Records contained in a dataset
★ ★ ★ ★

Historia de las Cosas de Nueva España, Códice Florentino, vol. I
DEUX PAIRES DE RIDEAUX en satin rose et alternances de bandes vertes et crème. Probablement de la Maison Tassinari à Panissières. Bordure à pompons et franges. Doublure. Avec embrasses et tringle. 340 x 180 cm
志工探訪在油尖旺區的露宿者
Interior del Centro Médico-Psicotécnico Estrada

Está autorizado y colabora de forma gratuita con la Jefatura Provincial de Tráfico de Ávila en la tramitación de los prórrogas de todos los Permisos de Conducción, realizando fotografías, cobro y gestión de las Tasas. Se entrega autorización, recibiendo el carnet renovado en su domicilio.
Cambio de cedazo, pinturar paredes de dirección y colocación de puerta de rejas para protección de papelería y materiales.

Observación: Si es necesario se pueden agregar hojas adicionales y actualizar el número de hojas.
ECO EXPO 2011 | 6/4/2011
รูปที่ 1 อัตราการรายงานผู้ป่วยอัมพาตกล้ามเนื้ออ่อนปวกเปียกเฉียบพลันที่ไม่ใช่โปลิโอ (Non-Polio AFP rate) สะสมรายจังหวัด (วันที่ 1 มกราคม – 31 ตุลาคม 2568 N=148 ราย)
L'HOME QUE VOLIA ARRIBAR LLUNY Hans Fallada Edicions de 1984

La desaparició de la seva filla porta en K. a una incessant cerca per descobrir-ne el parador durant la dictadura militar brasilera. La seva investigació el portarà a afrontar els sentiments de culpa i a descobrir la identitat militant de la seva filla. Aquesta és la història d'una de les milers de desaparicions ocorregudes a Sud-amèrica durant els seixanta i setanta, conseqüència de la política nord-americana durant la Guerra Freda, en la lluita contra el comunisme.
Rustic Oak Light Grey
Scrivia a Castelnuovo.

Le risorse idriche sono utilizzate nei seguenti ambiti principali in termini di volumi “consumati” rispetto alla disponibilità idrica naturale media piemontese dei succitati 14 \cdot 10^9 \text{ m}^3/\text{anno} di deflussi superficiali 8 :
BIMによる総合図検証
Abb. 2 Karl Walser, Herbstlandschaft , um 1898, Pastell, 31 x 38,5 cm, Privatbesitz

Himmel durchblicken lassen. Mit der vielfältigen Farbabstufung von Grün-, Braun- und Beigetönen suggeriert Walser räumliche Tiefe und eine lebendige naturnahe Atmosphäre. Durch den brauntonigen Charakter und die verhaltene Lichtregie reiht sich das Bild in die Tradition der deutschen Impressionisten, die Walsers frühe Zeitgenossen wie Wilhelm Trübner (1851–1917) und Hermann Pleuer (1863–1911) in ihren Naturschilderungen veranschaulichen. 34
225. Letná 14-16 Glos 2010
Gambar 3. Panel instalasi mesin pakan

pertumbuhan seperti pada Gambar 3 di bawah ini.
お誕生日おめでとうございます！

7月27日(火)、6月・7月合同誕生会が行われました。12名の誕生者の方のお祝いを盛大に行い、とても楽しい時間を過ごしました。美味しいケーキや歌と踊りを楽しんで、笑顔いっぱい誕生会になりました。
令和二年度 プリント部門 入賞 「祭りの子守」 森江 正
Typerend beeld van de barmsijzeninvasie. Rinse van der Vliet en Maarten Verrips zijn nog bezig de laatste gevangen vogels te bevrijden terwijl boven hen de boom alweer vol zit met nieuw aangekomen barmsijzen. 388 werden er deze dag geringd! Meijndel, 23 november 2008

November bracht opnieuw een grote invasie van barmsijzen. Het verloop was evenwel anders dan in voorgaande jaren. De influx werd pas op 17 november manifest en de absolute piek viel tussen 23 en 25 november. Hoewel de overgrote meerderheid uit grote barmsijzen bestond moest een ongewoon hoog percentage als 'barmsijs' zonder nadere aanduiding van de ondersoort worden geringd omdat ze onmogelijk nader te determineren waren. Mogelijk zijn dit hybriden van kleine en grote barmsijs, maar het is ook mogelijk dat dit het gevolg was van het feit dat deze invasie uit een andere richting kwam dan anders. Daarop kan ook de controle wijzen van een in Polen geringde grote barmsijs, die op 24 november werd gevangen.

★ ★ ★ ★

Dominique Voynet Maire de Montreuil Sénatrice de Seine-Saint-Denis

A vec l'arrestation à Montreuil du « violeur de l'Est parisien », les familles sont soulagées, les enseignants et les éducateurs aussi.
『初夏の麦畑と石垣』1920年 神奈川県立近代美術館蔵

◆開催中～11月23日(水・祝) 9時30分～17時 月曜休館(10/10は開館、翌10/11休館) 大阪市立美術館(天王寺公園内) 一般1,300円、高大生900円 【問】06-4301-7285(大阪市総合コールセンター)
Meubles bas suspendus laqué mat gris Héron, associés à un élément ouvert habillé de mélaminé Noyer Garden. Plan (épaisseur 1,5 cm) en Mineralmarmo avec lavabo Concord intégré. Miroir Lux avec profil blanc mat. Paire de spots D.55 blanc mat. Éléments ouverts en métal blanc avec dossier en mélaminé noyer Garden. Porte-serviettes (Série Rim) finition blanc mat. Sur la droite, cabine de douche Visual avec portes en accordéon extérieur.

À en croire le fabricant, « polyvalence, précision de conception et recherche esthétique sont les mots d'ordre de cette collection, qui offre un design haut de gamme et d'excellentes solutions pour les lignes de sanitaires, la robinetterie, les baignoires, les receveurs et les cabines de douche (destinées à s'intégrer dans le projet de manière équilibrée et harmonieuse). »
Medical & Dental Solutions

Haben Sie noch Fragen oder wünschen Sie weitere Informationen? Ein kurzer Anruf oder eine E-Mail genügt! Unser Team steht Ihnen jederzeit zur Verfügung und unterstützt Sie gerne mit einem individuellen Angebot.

★ ★ ★ ★

- WHAT YOU ARE ASKED TO DO -
Out of the data above, set down the lines from the one with "お誕生日おめでとうございます！" to the one with "November bracht opnieuw", both included, exactly as written and with no additions.

- WRITTEN RESPONSE -
お誕生日おめでとうございます！

7月27日(火)、6月・7月合同誕生会が行われました。12名の誕生者の方のお祝いを盛大に行い、とても楽しい時間を過ごしました。美味しいケーキや歌と踊りを楽しんで、笑顔いっぱい誕生会になりました。
令和二年度 プリント部門 入賞 「祭りの子守」 森江 正
Typerend beeld van de barmsijzeninvasie. Rinse van der Vliet en Maarten Verrips zijn nog bezig de laatste gevangen vogels te bevrijden terwijl boven hen de boom alweer vol zit met nieuw aangekomen barmsijzen. 388 werden er deze dag geringd! Meijndel, 23 november 2008

November bracht opnieuw een grote invasie van barmsijzen. Het verloop was evenwel anders dan in voorgaande jaren. De influx werd pas op 17 november manifest en de absolute piek viel tussen 23 en 25 november. Hoewel de overgrote meerderheid uit grote barmsijzen bestond moest een ongewoon hoog percentage als 'barmsijs' zonder nadere aanduiding van de ondersoort worden geringd omdat ze onmogelijk nader te determineren waren. Mogelijk zijn dit hybriden van kleine en grote barmsijs, maar het is ook mogelijk dat dit het gevolg was van het feit dat deze invasie uit een andere richting kwam dan anders. Daarop kan ook de controle wijzen van een in Polen geringde grote barmsijs, die op 24 november werd gevangen.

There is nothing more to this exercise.